= John V. Johnston =

American navy officer

John Vincent Johnston (died 23 April 1912) was an American navy officer who fought during the American Civil War from 1861 until 1864 on the Union side.

== Biography ==
Johnston was from Cincinnati, Ohio, and entered the United States Navy, during the American Civil War, in September 1861. He served as First Master on the gunboat St. Louis. He assisted in the Union gunboat attacks that captured strategic Fort Henry on the Tennessee River 6 February 1862. On the night of 1–2 April 1862, he was the naval commander of a combined Army–Navy boat expedition which landed and spiked the guns of the Upper Battery (Battery No. 1) at Madrid Bend (Tennessee shore) across the river from the Confederate stronghold, Island No. 10. He was promoted to Acting Volunteer Lieutenant for gallantry in this expedition.
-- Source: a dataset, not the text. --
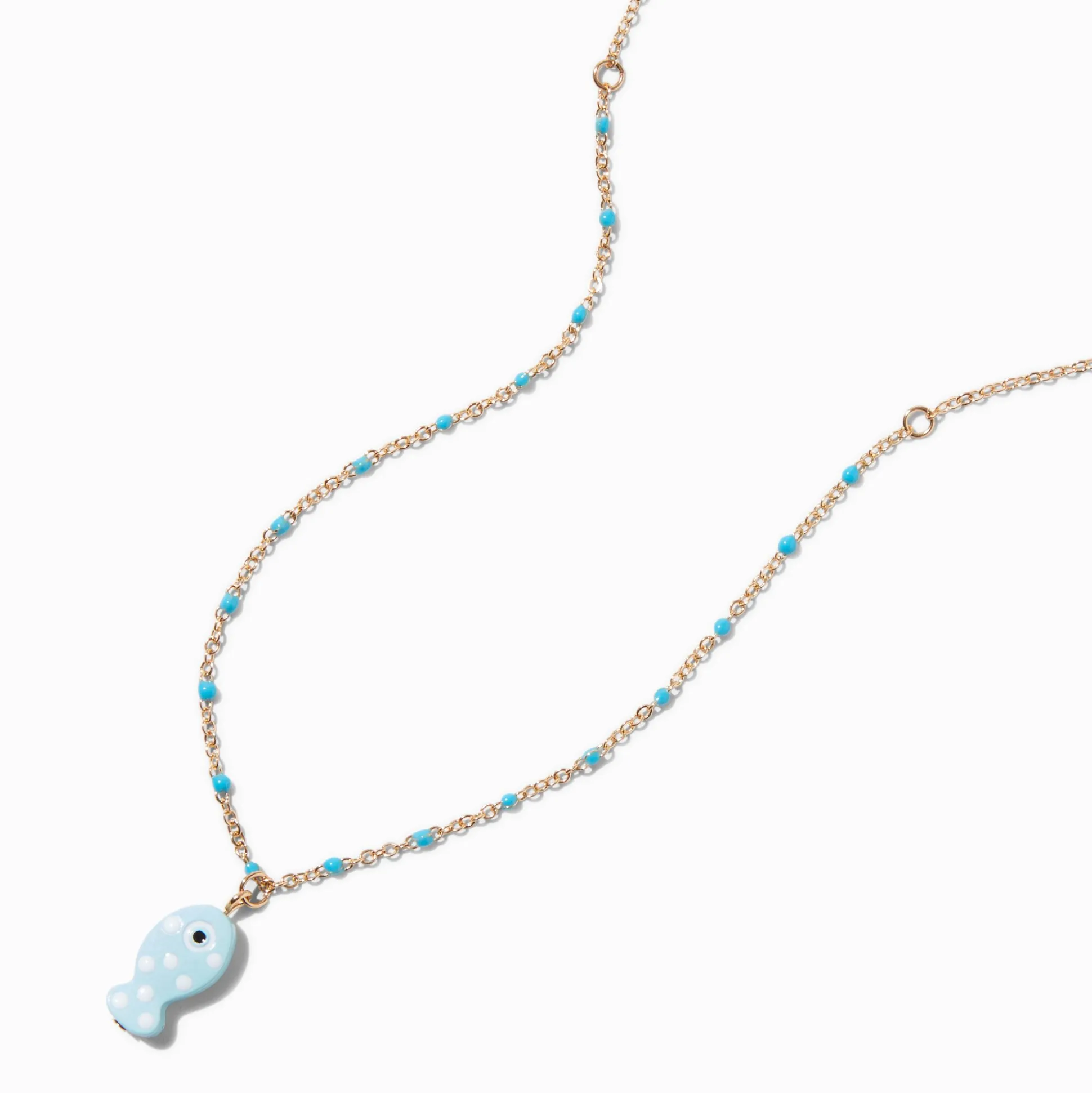 Go fish in this super cute pendant necklace. The gold-tone chain has equally spaced turquoise beads around it, and it’s finished with a delightful blue fish pendant.

After joining in the bombardments of Vicksburg, Mississippi, he took command of to patrol the Mississippi River and its tributaries. On 15 February 1864, his gunboat repelled the attack of Confederate raiders, keeping them from saving the town of Waterproof, Louisiana, and securing the federal garrison therein. Lt. Johnston resigned from the naval service 23 June 1864 and died 23 April 1912 at St. Louis, Missouri.

==Namesake==
During World War II two destroyers were named in his honor.